Em 1986, outra guinada, dessa vez atrelada a uma evolução técnica e
uma sofisticação do roteiro e da construção das personagens, com o belo
filme Matador. Para o sucesso internacional seria um pulo. Em 1988,
Mulheres à beira de um ataque de nervos entraria para os grandes circuitos,
o que culminaria com a indicação para o Oscar de melhor filme estrangeiro.
O tratamento escrachado e absurdo do roteiro alia-se ao refinamento e
elegância dos planos, o que redunda em desconcerto da platéia. Baseado na
peça A voz humana, de Jean Cocteau, o filme trata de uma mulher em crise
profunda. Na trama, Carmem Maura é Pepa, uma dubladora e atriz de Tevê que
é abandonada pelo amante e, à beira de um ataque de nervos, tenta suicídio.
O resultado é uma colcha de retalhos muito bem tecida pelo cineasta, que,
ao trabalhar a extravagância das cores, a excentricidade dos objetos de
cena, a mistura gêneros, cria um bordado singular. Também na mesma trilha
de Mulheres à beira de um ataque de nervos, Ata-me! (1990), De salto alto
(1991) e Kika (1993), trarão personagens femininas fortes tratadas pelo
viés cômico. Em De salto alto, por exemplo, a história gira em torno da
difícil convivência entre mãe/filha, vividas por Marisa Paredes e Victória
Abril. Na primeira cena, Rebeca (a filha) espera a mãe, depois de quinze
anos em vê-la, sentada em um aeroporto. Uma fusão faz surgir um flashback,
depois outro. Ambos apresentam momentos cruciais da relação de Rebeca com
sua mãe, Bechy del Páramo, cantora pop e estrela de cinema.

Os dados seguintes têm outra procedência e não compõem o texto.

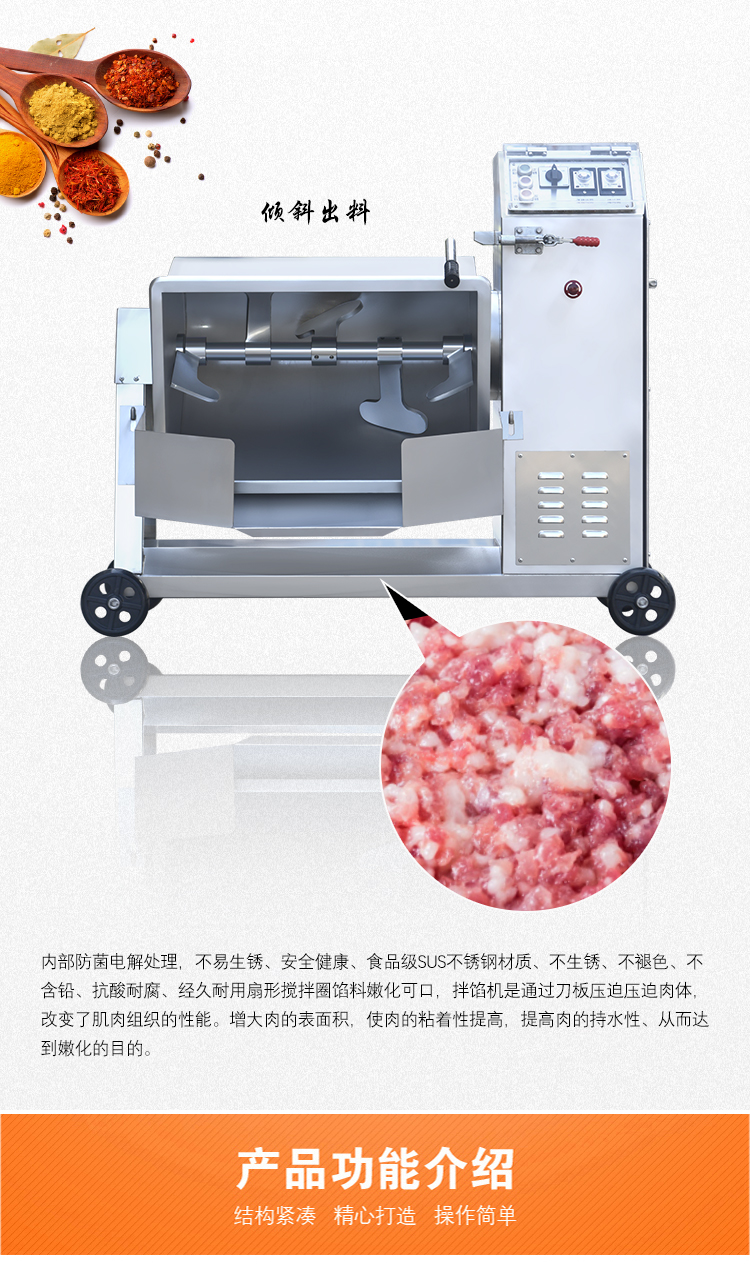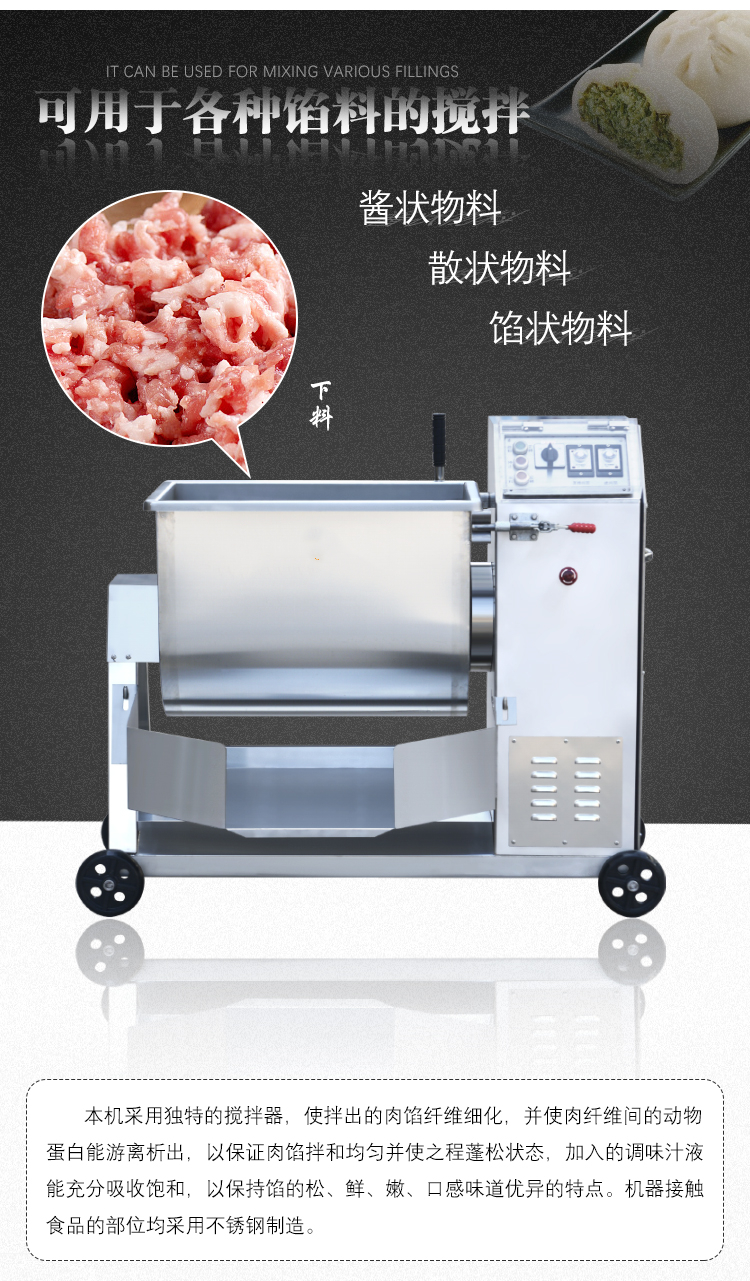 機器可以傾斜倒料,操作方便,而不銹鋼制造,防水防銹能力非常好,可以用水直接沖洗,本機采用扇形攪拌器,攪拌出的餡料嫩滑可口,攪拌出的肉餡纖維細化,并使肉纖維間的動物蛋白能游離析出,肉餡攪拌均勻并使之呈蓬松狀態,加入的調味汁能充分吸收飽和。口感味道優異的特點。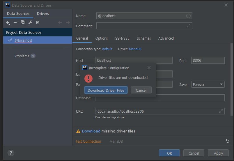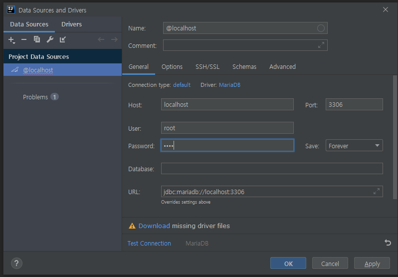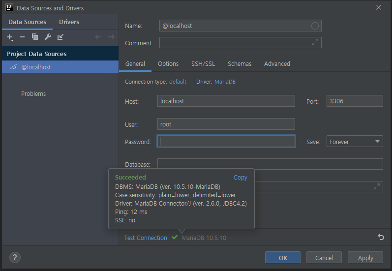 그 후에 Test Connetion을 누르면 접속 성공! -> Apply -> OK 눌러주세요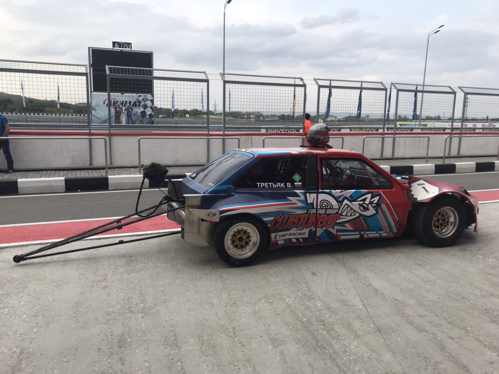 В 2018 году Владимир Третьяк на дрэгтазе установил личный рекорд – проехал 402 м за 9.3 сек на 2-ом этапе Чемпионата России по дрэг-рейсингу SMP RDRC в Грозном. Скорость на финише составила 250 км/ч. Просто фантастические показатели для ВАЗ-2108 конца 80-х. В этом, кстати, помогает маленький вес гоночного болида — всего 870 килограмммов. Кстати, по словам гонщика, до 200 км/ч необычная «восьмерка» разгоняется всего за 5,9 секунды.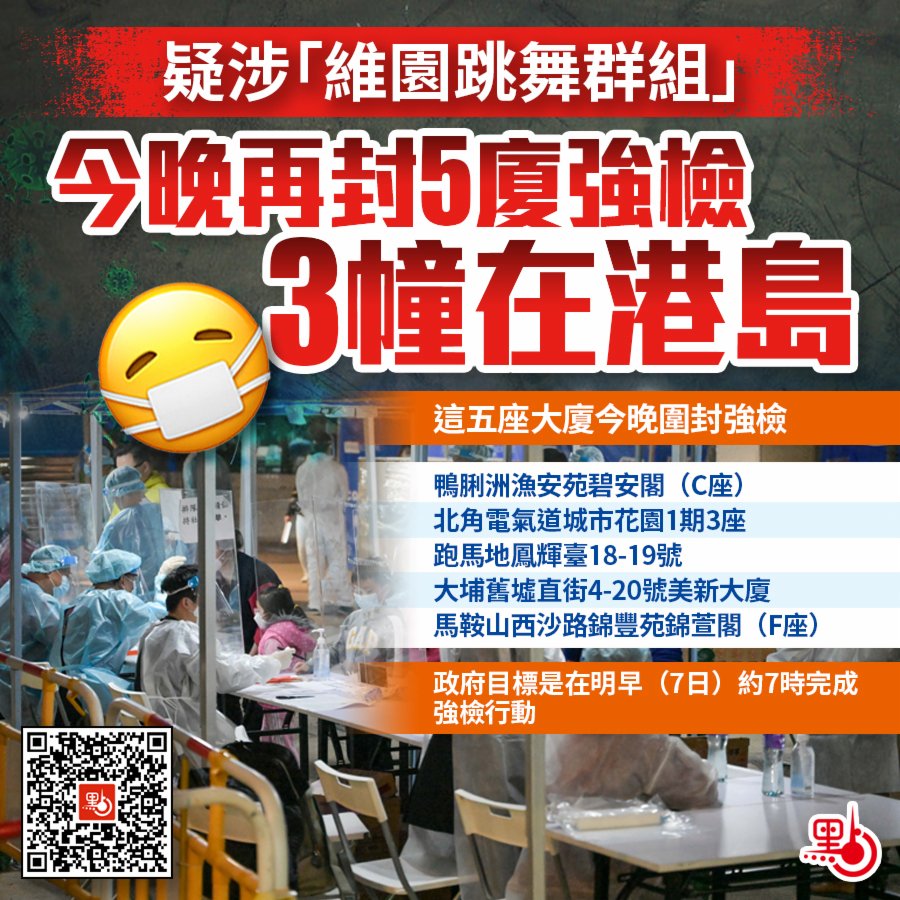 政府表示,自今晚7時起圍封鴨脷洲漁安苑碧安閣(C座)進行強制檢測,受檢人士須留在其處所並接受強制檢測,政府目標是在明早(7日)約7時完成此行動;自今晚7時05分起圍封北角電氣道233號城市花園1期3座(不包括位於城市中心商場地下、1樓及2樓的商鋪)進行強制檢測,受檢人士須留在其處所並接受強制檢測;自今晚7時30分起圍封跑馬地鳳輝臺18-19號進行強制檢測,受檢人士須留在其處所並接受強制檢測;自今晚8時起圍封大埔舊墟直街4-20號美新大廈(不包括位於美新大廈地下的商鋪及1樓至3樓的安老院)進行強制檢測,受檢人士須留在其處所並接受強制檢測;自今晚10時起圍封馬鞍山西沙路錦豐苑錦萱閣(F座)進行強制檢測,受檢人士須留在其處所並接受強制檢測。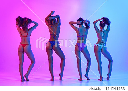 Rear view of young women, friends with slim, tanned bodies posing in swimwear in neon light against gradient background.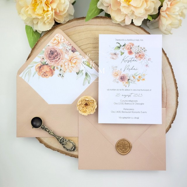 Invitatii de nunta cu flori in culori pamantii, blush, piersica, albe, portocalii 19/02/202303/02/2025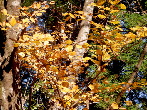 おお、光り輝く山吹色がきれいだぜぇ! 植樹祭記念緑地公園を過ぎた先の林道の雰囲気は暗かったですが、途中で見かけた雑木の黄葉はとても美しかったです。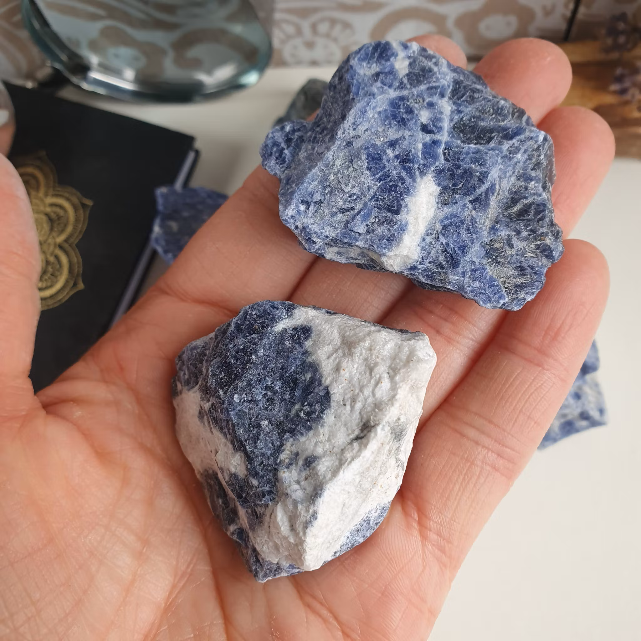 Rå bit av Sodalit. Vi väljer en fin sten åt dig.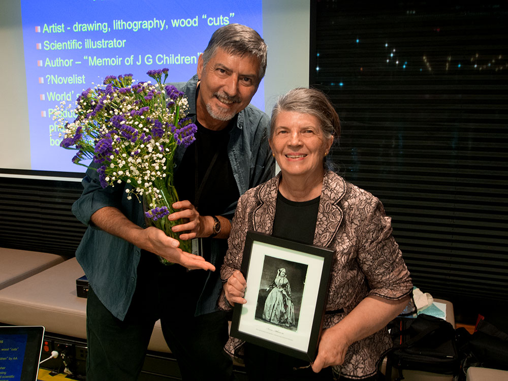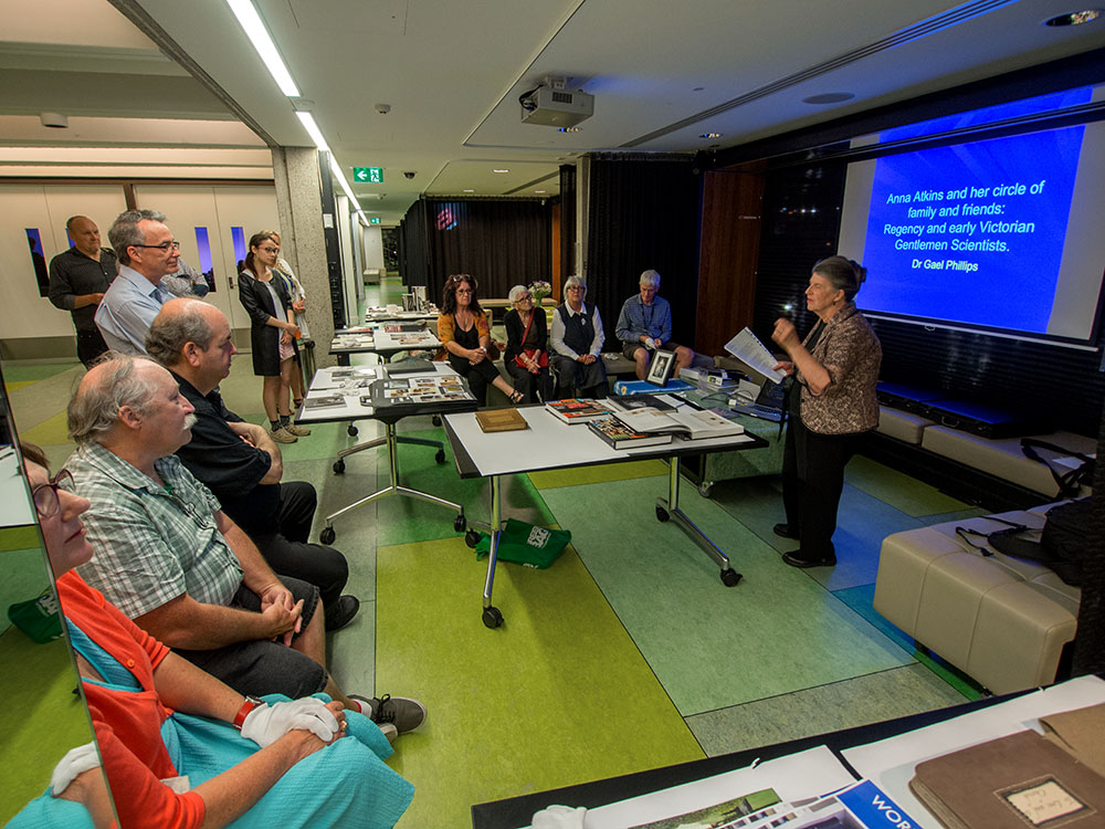 A special part of the evening WPD event was a presentation by Dr Gael E. Phillips about Anna Atkins, her family and motivations for her cyanotype work. Phillips, a local Brisbane resident, is a distant cousin of Atkins shared her extensive research of this significant family connection. The assembled group were presented with the fascinating story of Anna Atkins (‘Anna Children’ – her maiden name), her father – George, relatives and networks in photography, science and society in nineteenth century England. Two attendees Dr Marcel Saffier and Sandy Barrie both significant photo historians showed a strong interest in Phillip’s research and talk.

O encontro das
duas arremata o que os flashbacks já prenunciavam: enquanto a filha venera
a mãe, a mãe, no fundo, pouco se importa com ela, preferindo a companhia
dos fotógrafos e jornalistas. Em sua primeira meia hora, o filme se
desenrola como um melodrama, ou como um drama psicológico na linhagem
daqueles clássicos de Joseph L. Mankiewicz, o mais famoso A malvada, com
Bette Davis (cujo título original All about Eve, é reverenciado em Tudo
sobre minha mãe). Aos poucos, sobretudo a partir da aparição do Juiz
Domingues e de sua mãe, o filme ganha ares de comédia e, em seguida, de
intriga policial. À história da relação da mãe com a filha se adiciona
outra, a do assassinato de Manuel – ex-amante de Becky e marido de Rebeca
–, e posteriormente a do amor que o juiz nutre por Rebeca. A sobreposição
de histórias termina por diluir a trama principal, por outro lado, De salto
alto já anuncia, com o perdão do trocadilho, o último, até agora, e grande
salto na carreira do diretor.

Em 1995, outra virada, e talvez a maior da carreira do diretor, o
filme A flor do meu segredo, no qual o diretor deixa-se levar para
territórios até então pouco explorados em seu cinema: a narrativa
eletrizada se eclipsa, os momentos melodramáticos sobrepõem os cômicos, os
personagens parecem ganhar mais relevo, desenhados em seus mínimos
detalhes. Este filme é a chave para a compreensão das obras-primas futuras
do cineasta: Tudo sobre minha mãe (1999), Fale com ela (2002) e Volver
(2006), e é nele que me detenho a partir deste momento.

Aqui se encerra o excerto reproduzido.